Saturday, June 21, 2008

Bank Regulation, Sure

"In a move that could provide a glimpse into the future of global financial regulaton, the top finance official in the United Kingdom's resurgent opposition Conservative Party met Friday with the chairman of the the U.S. [Fed] to discuss ways to prevent a repeat of the current credit crisis. ... One solution, which Mr. [George] Osborne discussed with ... Ben Bernanke, is to make banks set aside more capital during the booms, damping their aggression in good times and lessening thier need to pull back so sharply during the busts. ... The problem: Banks magnify booms by increasing their lending activity, and then make the downturns worse by pulling back and trying to rebuild their capital cushions. ... 'In Britian, there is now an urgent debate about how to reform our system of financial regulation,' said Mr. Osborne, who has spoken to other central bankers about the idea. ... Osborne has an increasingly strong platform to propose the idea of requiring banks to set aside more capital.

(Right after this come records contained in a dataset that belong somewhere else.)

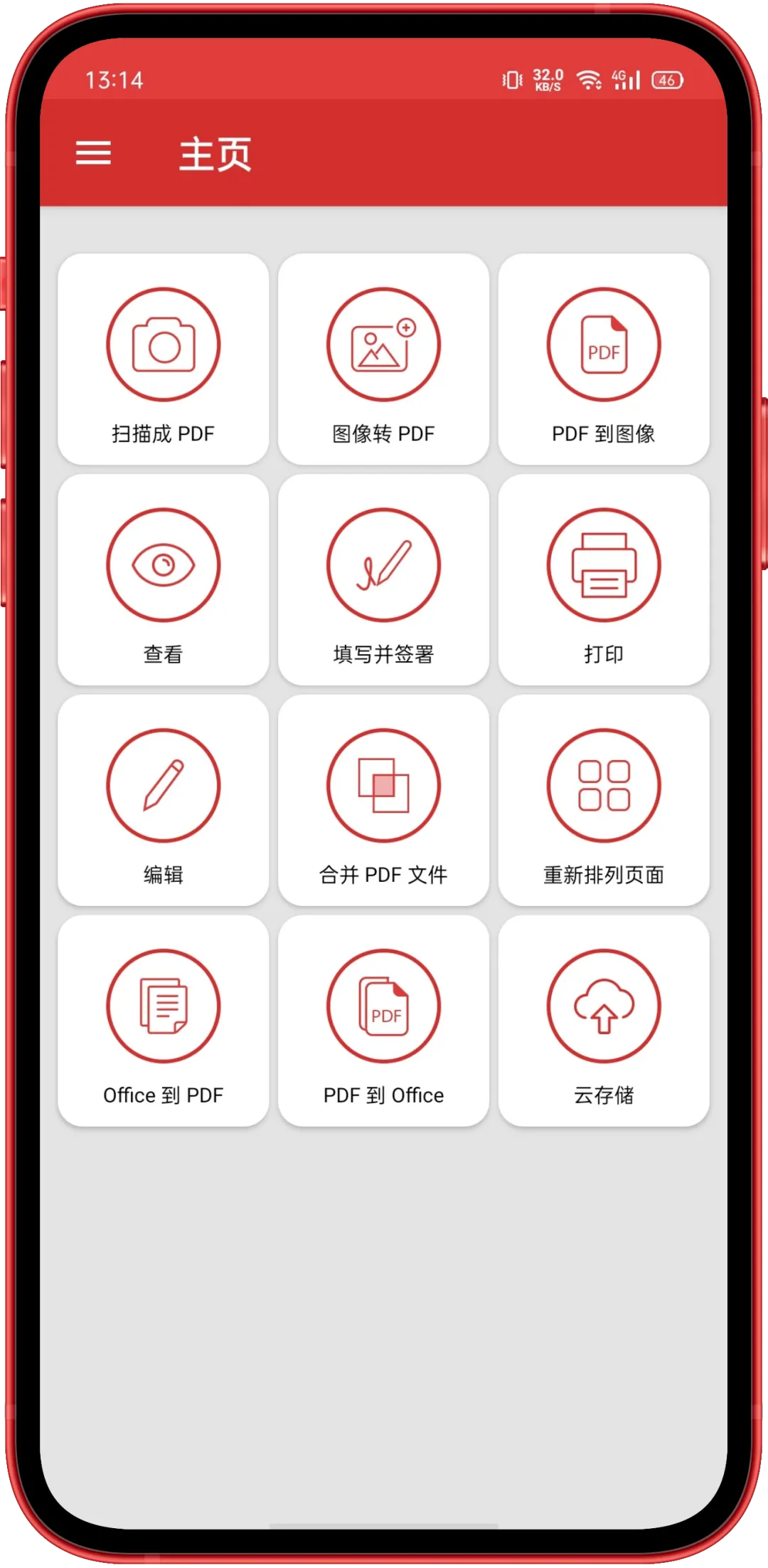 如上图所示,PDF Extra APP 的主页展示了其全部功能:扫描成 PDF、图像转 PDF、PDF 转图像、阅读查看、填写并签署、打印、编辑、合并 PDF 文件、重新排列页面、office 转 PDF、PDF 转 office 以及云存储。
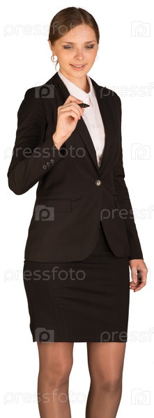 Красивая девушка в деловом костюме что-то пишет в пространстве
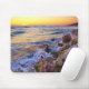 Mouse pad shown with a photo print of a beautiful rocky beach sunset scene. Customize this item or buy as is. Stock Image
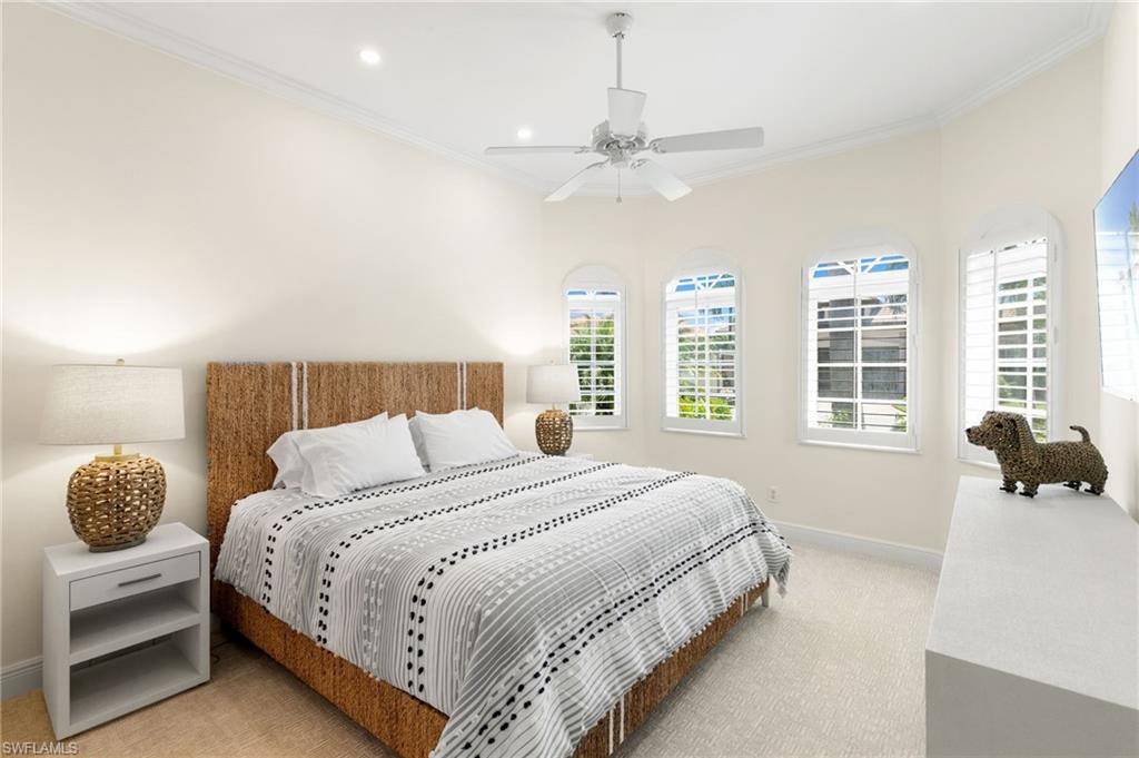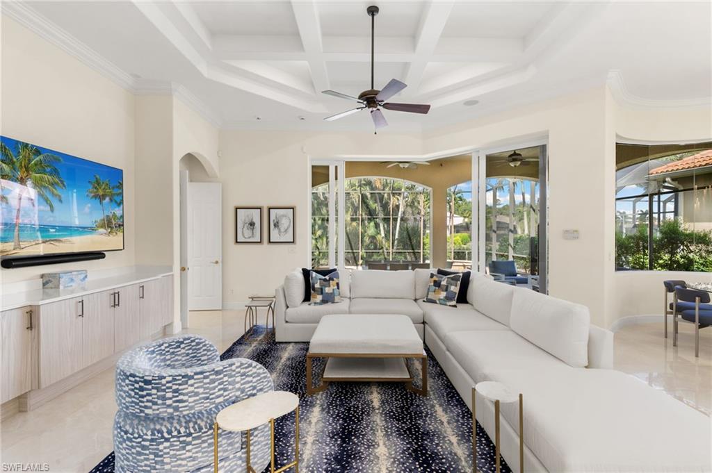 Step into your own slice of paradise in this beautifully updated single family home, nestled in the highly sought after Vineyards community. From the moment you enter, you’ll be captivated by lake views, lush tropical landscaping, and a seamless blend of indoor and outdoor living. Designed for both entertaining and relaxing, this home features a spacious open concept layout with soaring high tray ceilings, an elegant wet bar, and a wine cooler that invites evening gatherings with ease. The updated kitchen boasts sleek finishes and flows effortlessly into the main living areas, creating the perfect backdrop for modern coastal living. Step outside to your private lanai oasis, where swaying palms surround a serene retreat complete with an outdoor kitchen and dual lanais including a separate screened in lanai off the den or office, ideal for morning coffee or quiet reflection. Retreat to the primary suite, where a custom walk in closet with built in cabinetry and spa like finishes provide everyday luxury. With both manual and electric shutters for added peace of mind, this home is equally well suited for full time residents and seasonal escapes. Located within a gated community offering resort style amenities, residents of The Vineyards enjoy access to pristine private golf, tennis, wellness centers, social clubs, and miles of walking paths all just minutes from world class shopping, dining, and Naples’ white sand beaches. Here, you’ll discover an unparalleled lifestyle that perfectly balances elegance, comfort, and convenience.
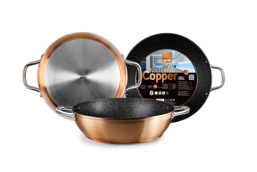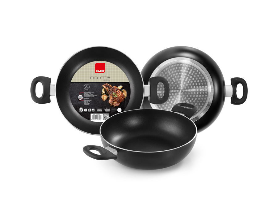La poêle creuse avec anses Inducta est fabriquée en aluminium pour induction de haute qualité, spéciale pour induction et convient à toutes les cuisinières. Système antiadhésif 2 couches, libre de PFOA. Elle possède des anses qui favorisent son utilisation pour les ragoûts et les cuissons douces.
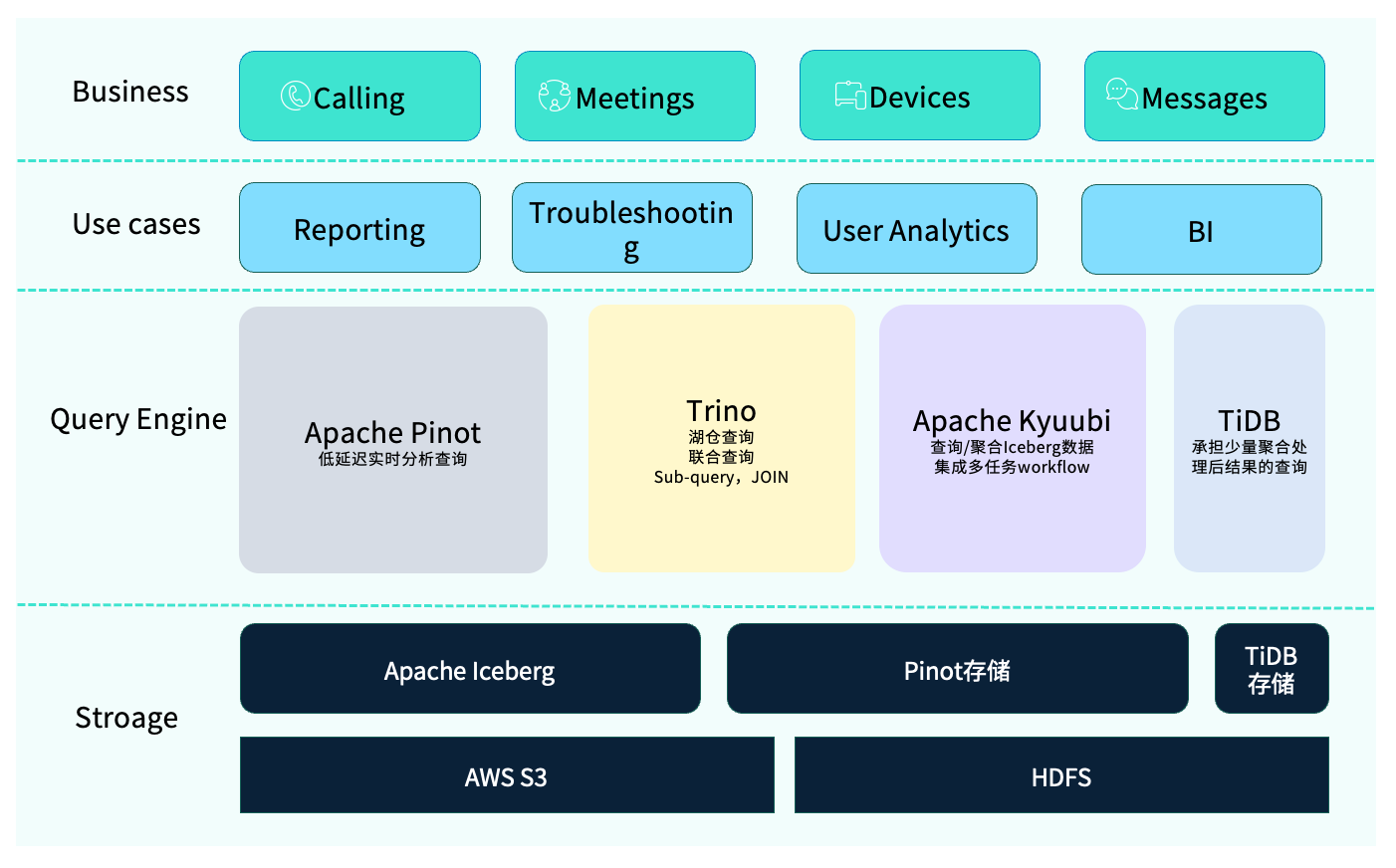 在存储层面,整体架构同样具备多元化特征。由于 Webex 的业务覆盖全球,不同区域的数据合规要求差异较大——例如欧盟地区对数据隐私与合规性要求更为严格,而北美地区部分组织则对敏感数据的管理有额外限制。因此,我们采用了混合存储方案:部分数据存放在 AWS S3,另一部分则保存在私有 HDFS 集群中,以满足不同地区的安全与合规标准。
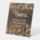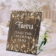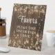 Funny Favours Signature Script Wood String Lights Table Sign - This elegant brown wood and white Table Sign, featuring lovely string lights and white floral can be personalised with your Wedding details (the product is not actually made from wood).
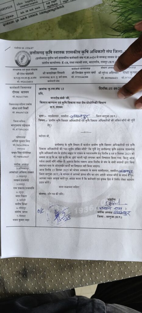 प्रातीय कार्यकारिणी छत्तीसगढ़ संघ के आह्वान पर सोमवार को लखनपुर क्षेत्र के कृषि विस्तार अधिकारियों ने अपनी विभिन्न लंबित समस्याओं और अधिकारों को लेकर एकजुट होकर तहसीलदार को मुख्यमंत्री के नाम ज्ञापन सौंपा। अधिकारियों ने इस दौरान स्पष्ट कहा कि यदि समय रहते उनकी समस्याओं का समाधान नहीं किया गया तो वे ऑनलाइन कार्यों का बहिष्कार करने के लिए बाध्य होंगे।
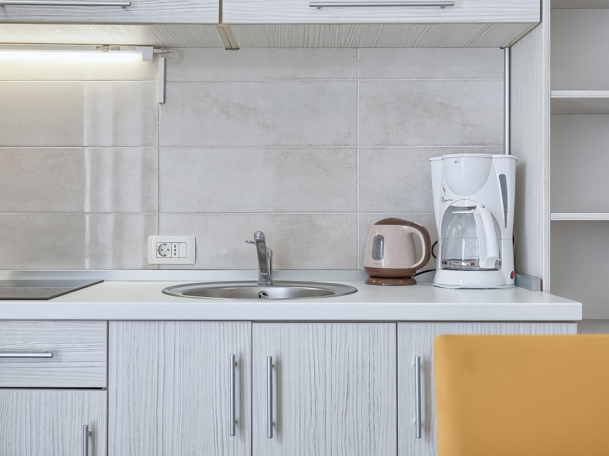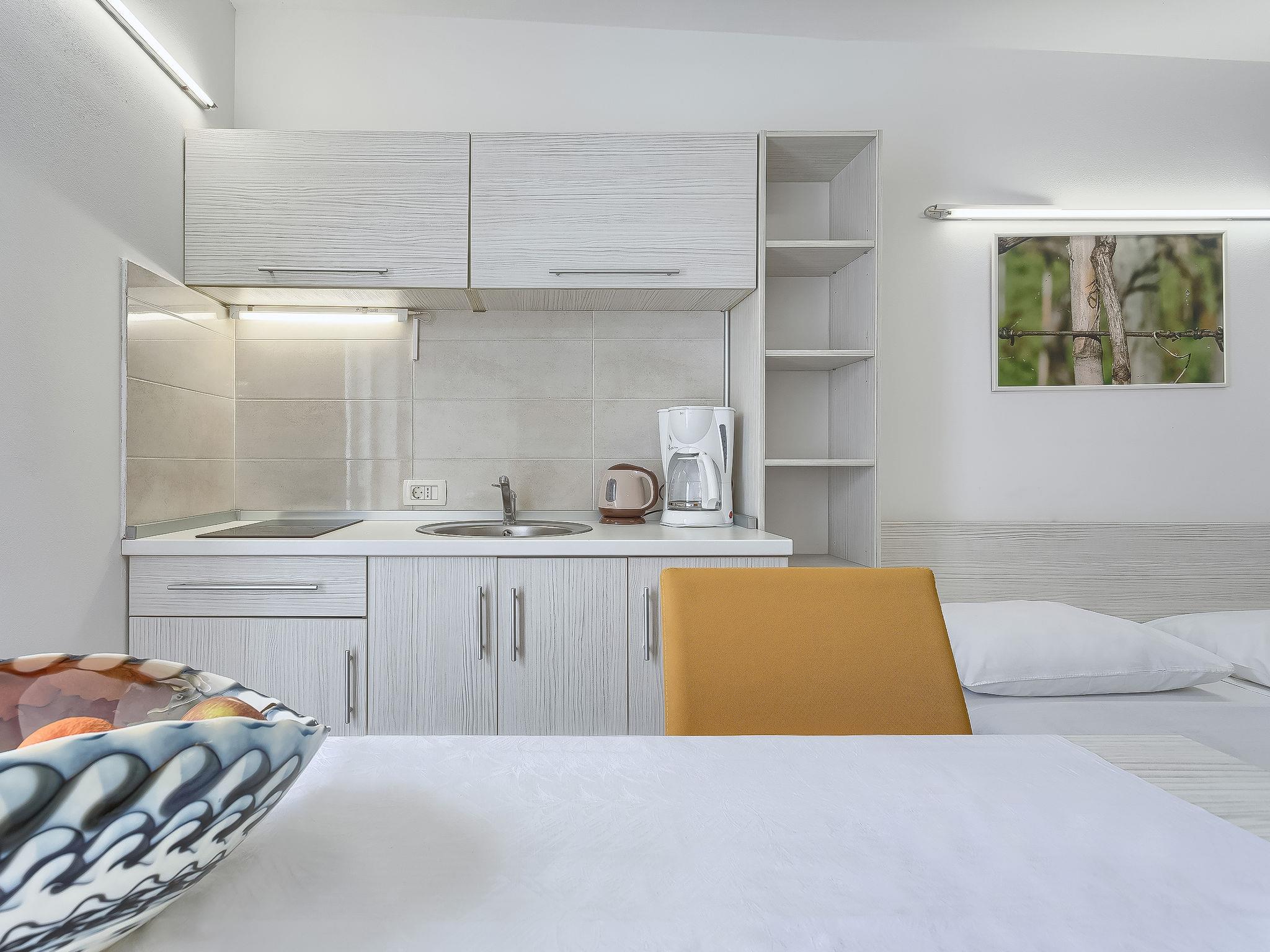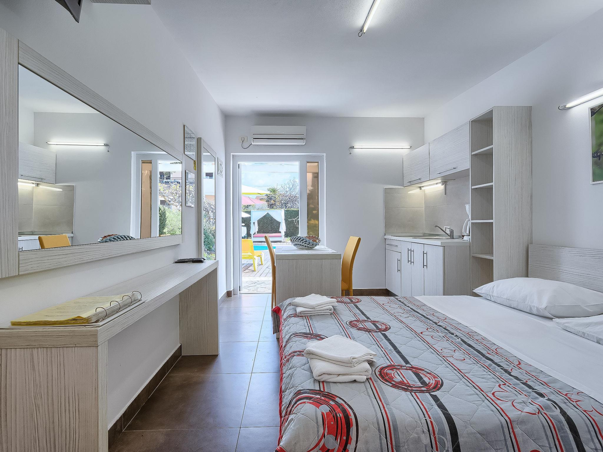 1-room apartment 18 m2, on the ground floor. Studio with 1 french bed (160 cm, length 200 cm), satellite TV (flat screen), air conditioning. Exit to the terrace, to the swimming pool. Open kitchen (2 ceramic glass hob hotplates, microwave) with dining table. Shower/WC. Terrace 6 m2, roofed. Terrace furniture. View of the swimming pool. Facilities: Internet (WiFi, free).

He is in line to be the U.K. Treasury chief if the Conservative Party wins in a general election. ... The idea of implementing countercyclical capital requirements is seeing increasing backing among economists. ... And many economists and bankers believe such programs just won't work. 'It would require central banks to have a very strong idea of where the market should be and what is the correct price for an asset, and that is usually what central banks don't like getting into,' said Giles Moec, a senior economist at Bank of America in London", WSJ, 9 June 2008.

This is more Keynesian nonsense. The Fed can't stabilize the economy, now people want it to stabilize the banking system? Crazy. My answer: end fractional reserve banking.